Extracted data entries
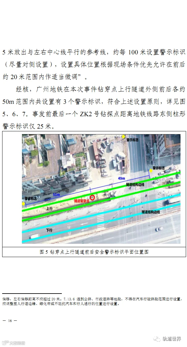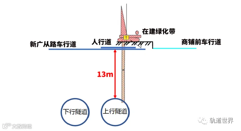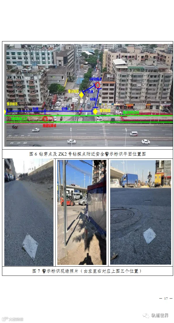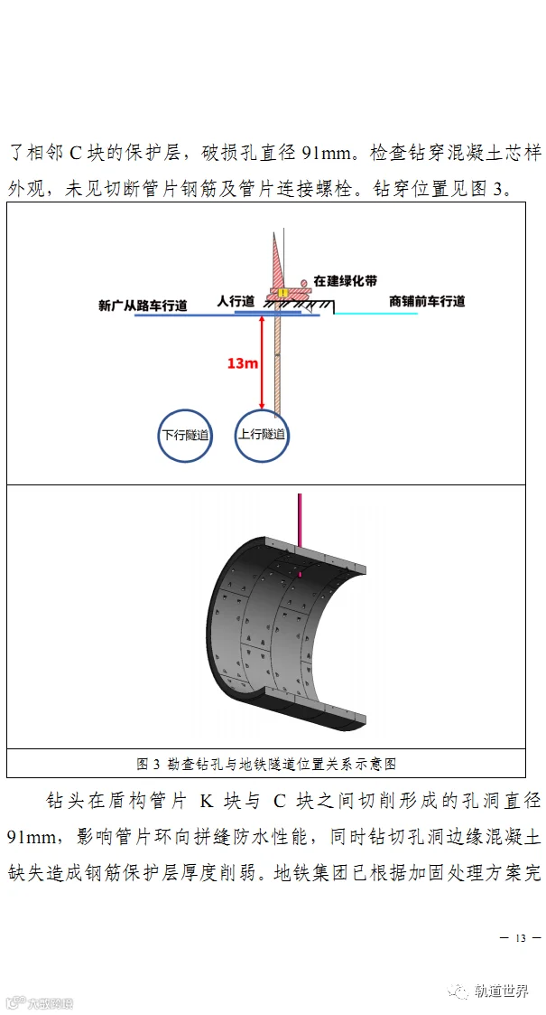 调查报告的图示显示,广州地铁14号线在该区域隧道埋深只有13米,也就是说隧道顶部外沿距离地面为13米,施工人员实际钻深已达约14米。
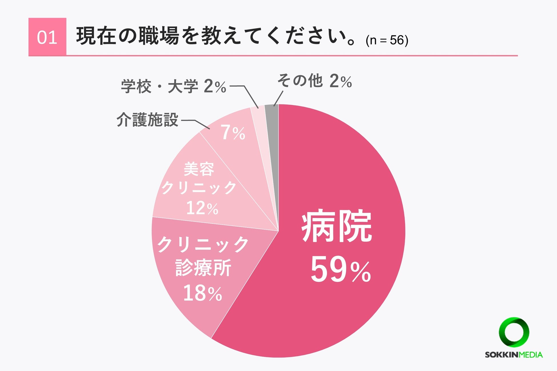 「Q1. 現在の職場を教えてください。」という問いに対して、「病院」という回答が59%、次いで「クリニック・診療」という回答が18%という結果になりました。その他「美容クリニック」や「介護施設」などの回答も多く見られました。
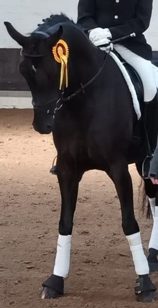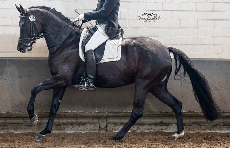 **Sales Advertisement: Beautiful Hanoverian Mare for Sale** For sale is an impressive Hanoverian mare, born in 2018. This elegant black mare captivates not only with her striking color but also with her friendly disposition and versatile talents. **Features:** - **Breed:** Hanoverian - **Gender:** Mare - **Year of Birth:** 2018 - **Color:** Black - **Height:** 172 cm The mare already shows promising progress in her training and has the potential for both competition and recreational riding. She is well-mannered, well-ridden, and suitable for both experienced riders and ambitious beginners. She is healthy, regularly vaccinated, and dewormed. If you are interested or have any further questions, please feel free to contact me. Visit us and see for yourself this wonderful mare! Placings: Dr. Pf. A 2x 2nd place, 2x 3rd place, 2x 5th place Dr. Pf. L 1x 3rd place Dr. L won with a score of 8.0 was successful both outdoors and in the arena, a horse for the big rectangle on the way to Dr. Pf. M. very nice traverses, already quite secure changes The mother is a state premium mare with many sporting successes up to S level in dressage. In her mare performance test, she received a score of 9 twice for her rideability, which she has also passed on to her daughter, mare line in Hanover of Shocolata, like Don MARTILLO.
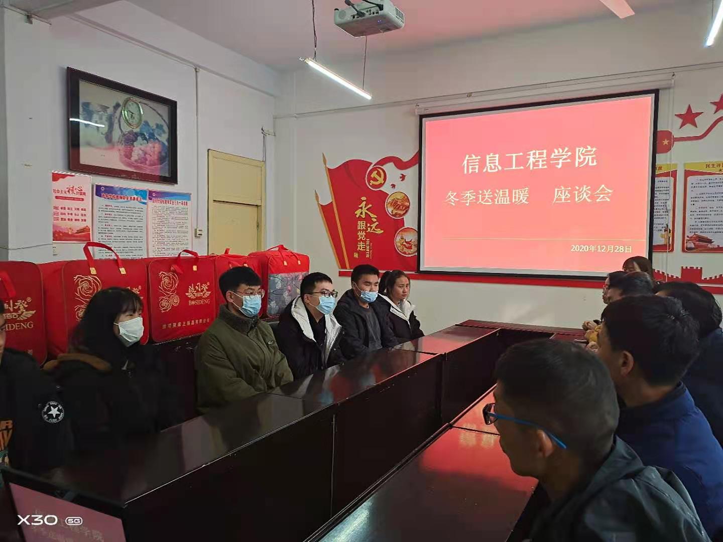 2020年12月28日在信息工程公司陈相志经理的带领下, 认真组织,深入开展了解贫困生情况,给贫困同学送棉被活动,真正的给贫困的同学送去温暖,给他们切实的关怀。 让他们得到关爱,在这个冬季不再感觉寒冷。
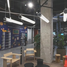 Available in silver or charcoal, this suspension luminaire illuminates 360 degrees and is ideal for large spaces.
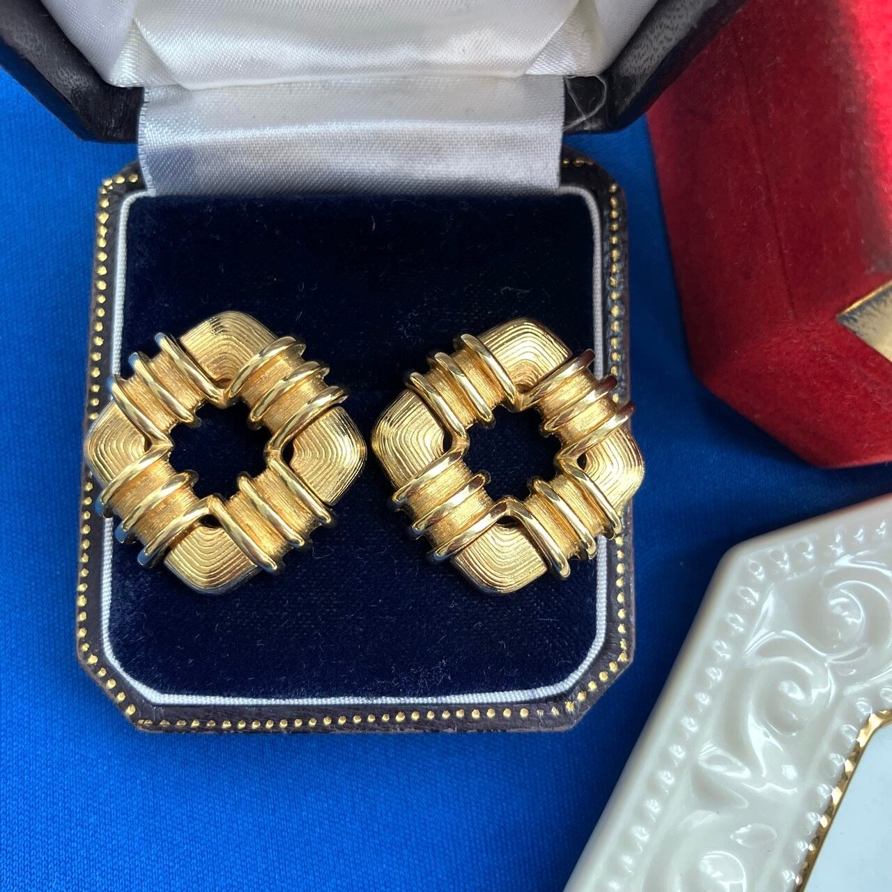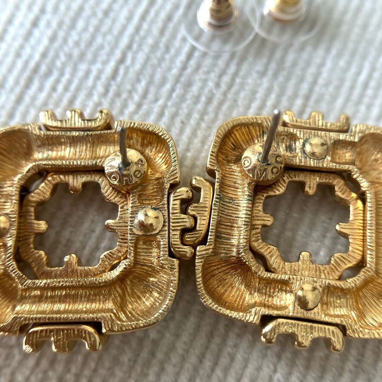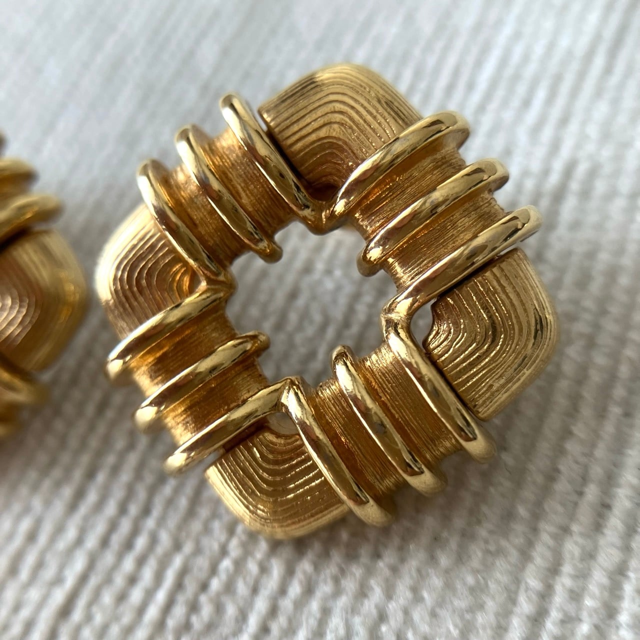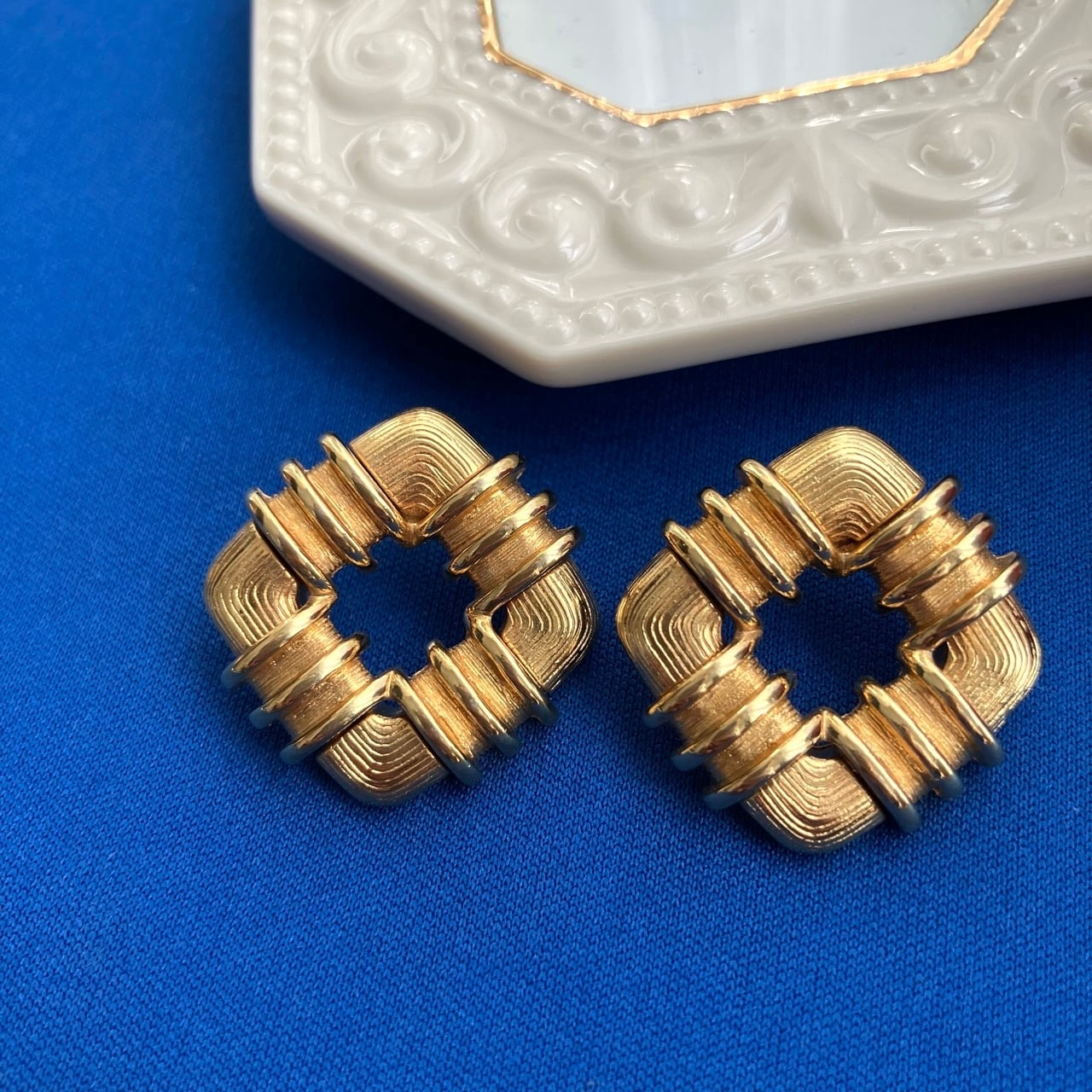 1937年にアメリカで設立された、メタルを使った高品質でモダンなデザインで人気のジュエリーメーカー"Monet"(モネ)の、ゴールドメタルの洗練されたデザインが、とてもお洒落で素敵なヴィンテージピアスです。
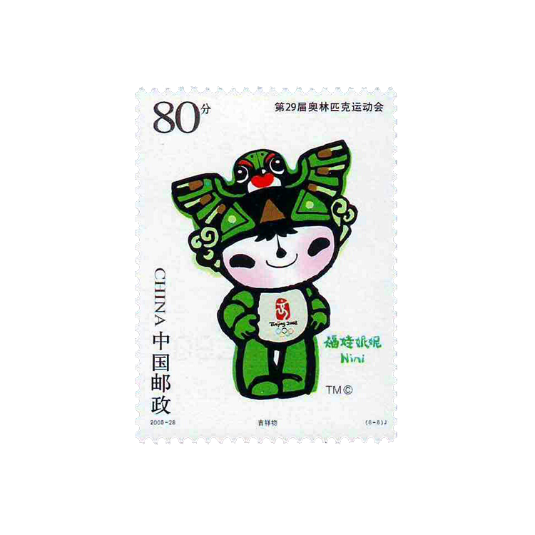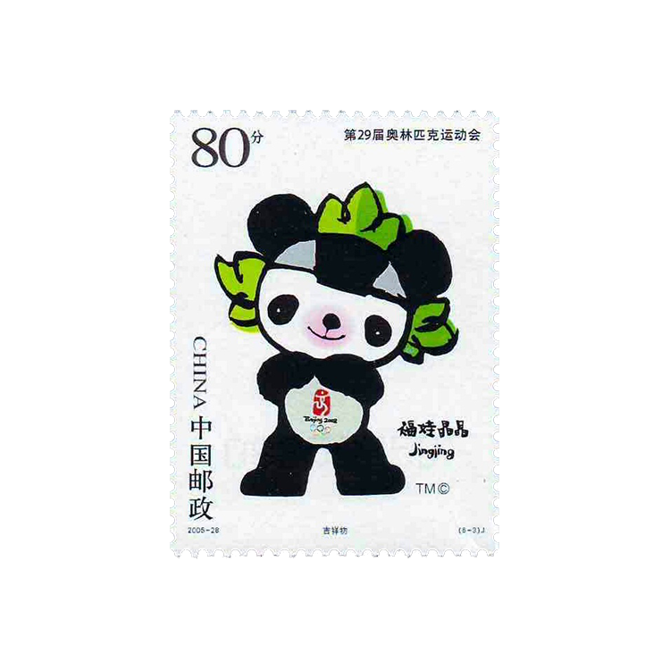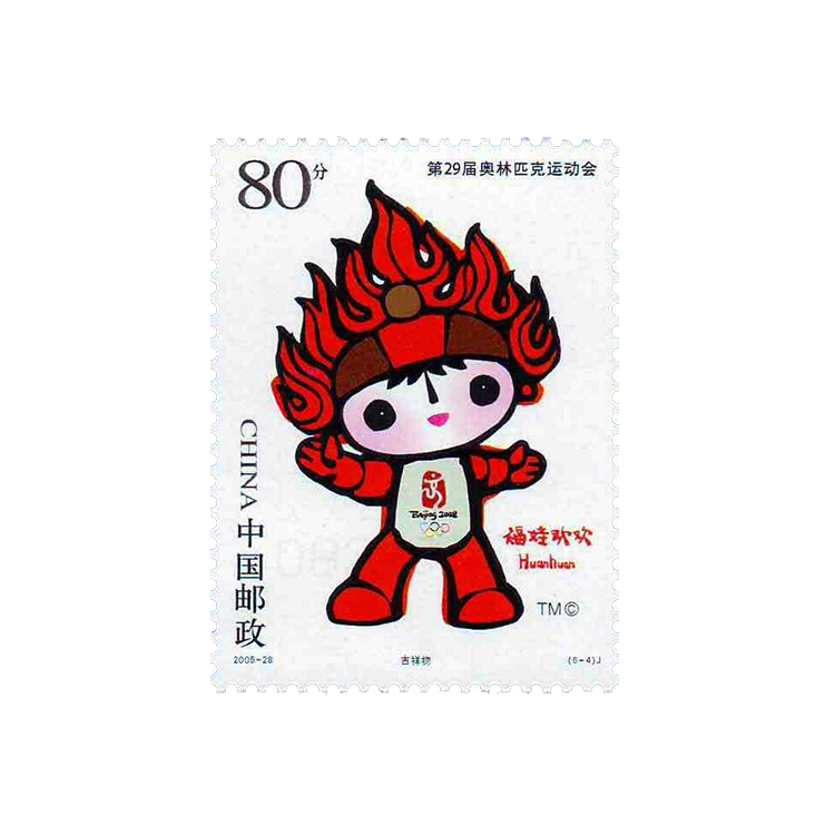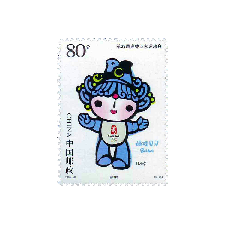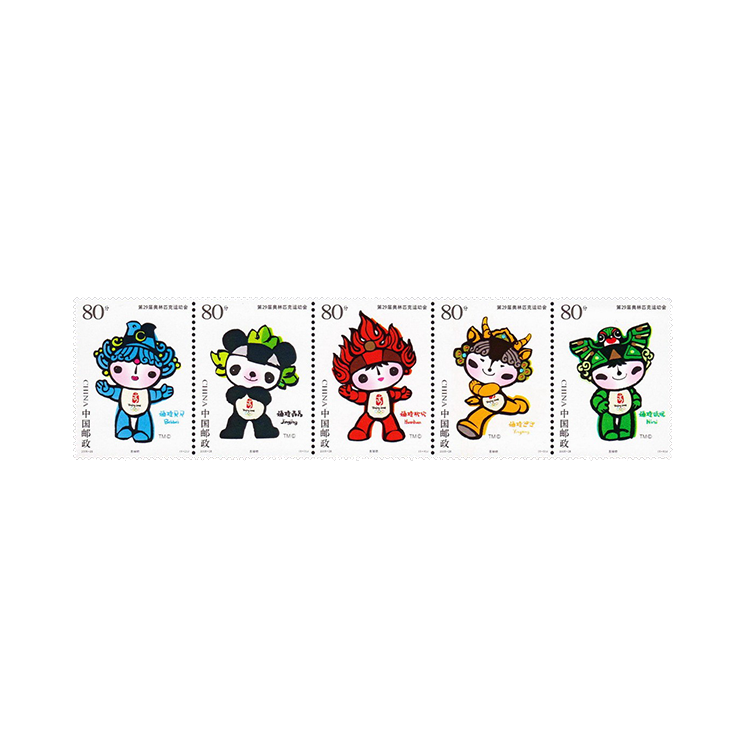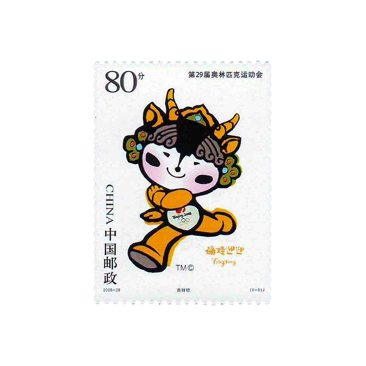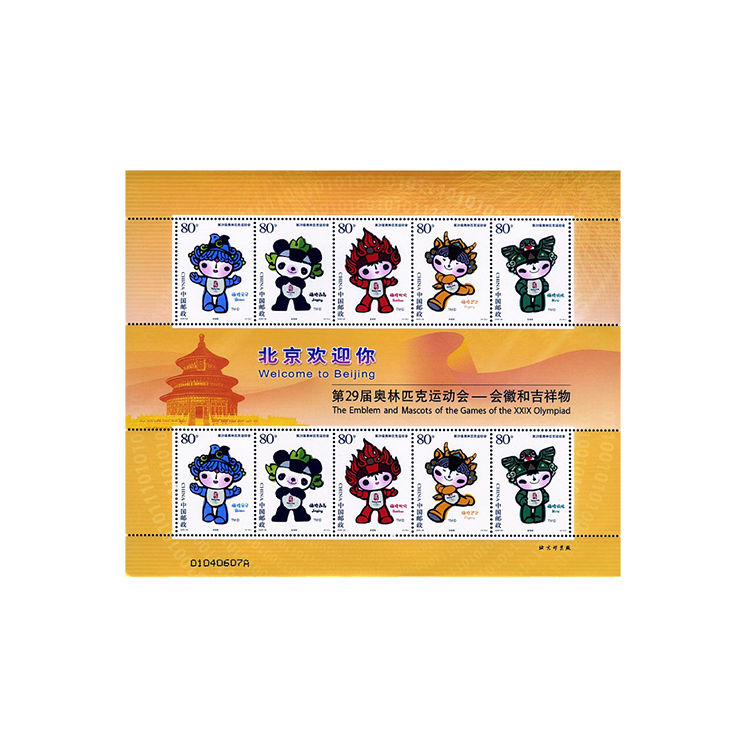 2005年11月12日,为纪念第29届夏季奥林匹克运动会即将在我国举行,国家邮政局发行了《第29届奥林匹克运动会-会徽和吉祥物》纪念邮票,全套6枚,同时发行不干胶版张(版式二)1套1版。

> _WHAT TO DO_:
Pictures are to be left out; all other data must be returned exactly.

> _RESULT_:
 调查报告的图示显示,广州地铁14号线在该区域隧道埋深只有13米,也就是说隧道顶部外沿距离地面为13米,施工人员实际钻深已达约14米。
 「Q1. 現在の職場を教えてください。」という問いに対して、「病院」という回答が59%、次いで「クリニック・診療」という回答が18%という結果になりました。その他「美容クリニック」や「介護施設」などの回答も多く見られました。
 **Sales Advertisement: Beautiful Hanoverian Mare for Sale** For sale is an impressive Hanoverian mare, born in 2018. This elegant black mare captivates not only with her striking color but also with her friendly disposition and versatile talents. **Features:** - **Breed:** Hanoverian - **Gender:** Mare - **Year of Birth:** 2018 - **Color:** Black - **Height:** 172 cm The mare already shows promising progress in her training and has the potential for both competition and recreational riding. She is well-mannered, well-ridden, and suitable for both experienced riders and ambitious beginners. She is healthy, regularly vaccinated, and dewormed. If you are interested or have any further questions, please feel free to contact me. Visit us and see for yourself this wonderful mare! Placings: Dr. Pf. A 2x 2nd place, 2x 3rd place, 2x 5th place Dr. Pf. L 1x 3rd place Dr. L won with a score of 8.0 was successful both outdoors and in the arena, a horse for the big rectangle on the way to Dr. Pf. M. very nice traverses, already quite secure changes The mother is a state premium mare with many sporting successes up to S level in dressage. In her mare performance test, she received a score of 9 twice for her rideability, which she has also passed on to her daughter, mare line in Hanover of Shocolata, like Don MARTILLO.
 2020年12月28日在信息工程公司陈相志经理的带领下, 认真组织,深入开展了解贫困生情况,给贫困同学送棉被活动,真正的给贫困的同学送去温暖,给他们切实的关怀。 让他们得到关爱,在这个冬季不再感觉寒冷。
 Available in silver or charcoal, this suspension luminaire illuminates 360 degrees and is ideal for large spaces.
 1937年にアメリカで設立された、メタルを使った高品質でモダンなデザインで人気のジュエリーメーカー"Monet"(モネ)の、ゴールドメタルの洗練されたデザインが、とてもお洒落で素敵なヴィンテージピアスです。
 2005年11月12日,为纪念第29届夏季奥林匹克运动会即将在我国举行,国家邮政局发行了《第29届奥林匹克运动会-会徽和吉祥物》纪念邮票,全套6枚,同时发行不干胶版张(版式二)1套1版。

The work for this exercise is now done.